WORK INSTRUCTION:
Using the listing below, retype only the lines from the line with "牙齿缺失的危害很多,缺牙还会" through the end, both ends included, and exclude the pictures.

INPUT DATA:

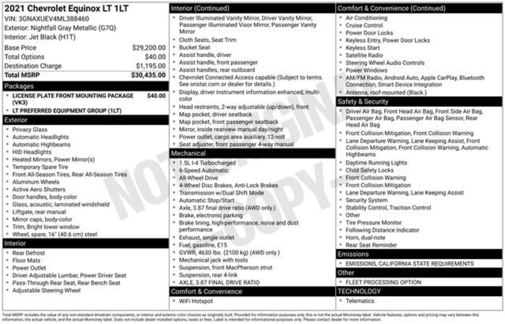 We Buy cars- Fast, Fair and Easy This 2021 Nightfall Gray Metallic Chevrolet Equinox LT AWD is well equipped and includes these features and benefits: Preferred Equipment Group 1LT, 17 Aluminum Wheels, 2 Rear USB Charging-Only Ports, 2 USB Ports & Auxiliary Input Jack, 2-Way Power Driver Lumbar Control Seat Adjuster, 3.87 Final Drive Axle Ratio, 4-Wheel Disc Brakes, 6 Speaker Audio System Feature, 6 Speakers, 8-Way Power Driver Seat Adjuster, ABS brakes, Air Conditioning, Alloy wheels, AM/FM radio: SiriusXM, Apple CarPlay/Android Auto, Auto High-beam Headlights, Bluetooth® For Phone, Brake assist, Bumpers: body-color, Compass, Delay-off headlights, Driver door bin, Driver vanity mirror, Dual front impact airbags, Dual front side impact airbags, Electronic Stability Control, Emergency communication system: OnStar and Chevrolet connected services capable, Four wheel independent suspension, Front anti-roll bar, Front Bucket Seats, Front Center Armrest, Front Passenger 4-Way Manual Seat Adjuster, Front reading lights, Fully automatic headlights, Heated door mirrors, High-Intensity Discharge Headlights, Illuminated entry, Low tire pressure warning, Occupant sensing airbag, Outside temperature display, Overhead airbag, Overhead console, Panic alarm, Passenger door bin, Passenger vanity mirror, Power door mirrors, Power driver seat, Power steering, Power windows, Premium audio system: Chevrolet Infotainment 3, Premium Cloth Seat Trim, Radio data system, Radio: Chevrolet Infotainment 3 System w/AM/FM, Rear anti-roll bar, Rear reading lights, Rear seat center armrest, Rear window defroster, Rear window wiper, Remote keyless entry, Security system, SiriusXM Radio, Speed control, Speed-sensing steering, Split folding rear seat, Spoiler, Steering wheel mounted audio controls, Tachometer, Telescoping steering wheel, Tilt steering wheel, Traction control, Trip computer, and Variably intermittent wipers.
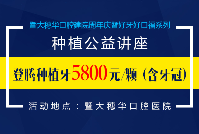 牙齿缺失的危害很多,缺牙还会增加胃肠负担、诱发冠心病。当今理想的修复缺失牙的方法就是种植牙。种植牙外观像真牙一样,功能也与天然牙齿一样坚固,是很多缺牙患者首选的修复方式。为了让更多缺牙患者恢复咀嚼功能,重新拥有像年轻人一样想吃就吃的好口福,值此穗华口腔医院建院两周年庆典之际,穗华口腔医院举行第027期好牙好口福系列·种植公益讲堂,为大家讲授种植牙知识和口腔保健知识,并提供特大福利,优惠回馈广大顾客。
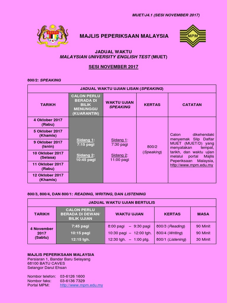 Muet 2017 exam dates (tarikh peperiksaan muet 2017). Saya nak tnye sikit??mcm mne nk dpt balik nmbr giliran muet kite??sbb sye dh terbuang slip muet tu. Semak slip daftar ujian (muet/d). Please be informed that the muet speaking test will be held on 10th & 11th october 2017. Live streaming super spontan superstar 2017 astro online. Carian maklumat buat calon yang kehilangan slip keputusan muet/ sijil muet di mana calon perlu muet merupakan peperiksaan yang dikelolakan oleh majlis peperiksaan malaysia (mpm). Kalendar exam muet 2017 menyatakan kepada semua calon muet tentang tarikh pendaftaran exam muet semoga kalendar muet ini bermanfaat untuk anda supaya dapat merancang masa belajar dengan lebih baik. Semakan pendaftaran muet november 2017 online. Semakan pendaftaran muet mac 2018 online| perhatian buat calon yang bakal menduduki peperiksaan muet sesi november 2017. Bagi semakan pendaftaran muet secara online dan sms bagi sesi 2 (julai 2021), akan dibuka bermula tarikh yang akan dikemaskini berdasarkan. Calon yang tidak berpuas hati dengan keputusan muet boleh membuat rayuan penyemakan semula keputusan muet dengan bayaran rm70, tarikh tutup rayuan semak semula. Anda calon muet sesi mac 2017? November logos october november born logo.

SOLUTION TO THE PROBLEM:
 牙齿缺失的危害很多,缺牙还会增加胃肠负担、诱发冠心病。当今理想的修复缺失牙的方法就是种植牙。种植牙外观像真牙一样,功能也与天然牙齿一样坚固,是很多缺牙患者首选的修复方式。为了让更多缺牙患者恢复咀嚼功能,重新拥有像年轻人一样想吃就吃的好口福,值此穗华口腔医院建院两周年庆典之际,穗华口腔医院举行第027期好牙好口福系列·种植公益讲堂,为大家讲授种植牙知识和口腔保健知识,并提供特大福利,优惠回馈广大顾客。
 Muet 2017 exam dates (tarikh peperiksaan muet 2017). Saya nak tnye sikit??mcm mne nk dpt balik nmbr giliran muet kite??sbb sye dh terbuang slip muet tu. Semak slip daftar ujian (muet/d). Please be informed that the muet speaking test will be held on 10th & 11th october 2017. Live streaming super spontan superstar 2017 astro online. Carian maklumat buat calon yang kehilangan slip keputusan muet/ sijil muet di mana calon perlu muet merupakan peperiksaan yang dikelolakan oleh majlis peperiksaan malaysia (mpm). Kalendar exam muet 2017 menyatakan kepada semua calon muet tentang tarikh pendaftaran exam muet semoga kalendar muet ini bermanfaat untuk anda supaya dapat merancang masa belajar dengan lebih baik. Semakan pendaftaran muet november 2017 online. Semakan pendaftaran muet mac 2018 online| perhatian buat calon yang bakal menduduki peperiksaan muet sesi november 2017. Bagi semakan pendaftaran muet secara online dan sms bagi sesi 2 (julai 2021), akan dibuka bermula tarikh yang akan dikemaskini berdasarkan. Calon yang tidak berpuas hati dengan keputusan muet boleh membuat rayuan penyemakan semula keputusan muet dengan bayaran rm70, tarikh tutup rayuan semak semula. Anda calon muet sesi mac 2017? November logos october november born logo.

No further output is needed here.